Source data:
····················
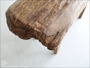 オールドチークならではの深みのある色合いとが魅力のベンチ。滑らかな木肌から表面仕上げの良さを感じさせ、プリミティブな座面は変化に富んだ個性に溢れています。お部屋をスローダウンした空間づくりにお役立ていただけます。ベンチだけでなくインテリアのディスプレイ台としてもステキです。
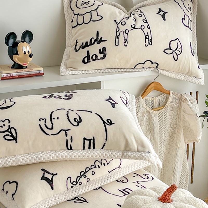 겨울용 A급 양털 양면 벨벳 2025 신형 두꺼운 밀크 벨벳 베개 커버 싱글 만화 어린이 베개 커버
····················
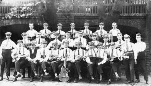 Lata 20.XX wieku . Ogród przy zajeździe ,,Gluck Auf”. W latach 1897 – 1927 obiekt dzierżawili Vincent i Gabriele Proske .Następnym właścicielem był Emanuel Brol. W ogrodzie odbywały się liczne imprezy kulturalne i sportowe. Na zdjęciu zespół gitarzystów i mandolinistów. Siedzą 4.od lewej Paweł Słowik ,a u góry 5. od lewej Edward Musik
····················
Task instructions: Please transcribe exactly the part of the records that opens with the line containing "オールドチークならではの深み" and closes with the line containing "겨울용 A급 양털 양면", both ends included, and leave out the pictures.

Reply to the task:
 オールドチークならではの深みのある色合いとが魅力のベンチ。滑らかな木肌から表面仕上げの良さを感じさせ、プリミティブな座面は変化に富んだ個性に溢れています。お部屋をスローダウンした空間づくりにお役立ていただけます。ベンチだけでなくインテリアのディスプレイ台としてもステキです。
 겨울용 A급 양털 양면 벨벳 2025 신형 두꺼운 밀크 벨벳 베개 커버 싱글 만화 어린이 베개 커버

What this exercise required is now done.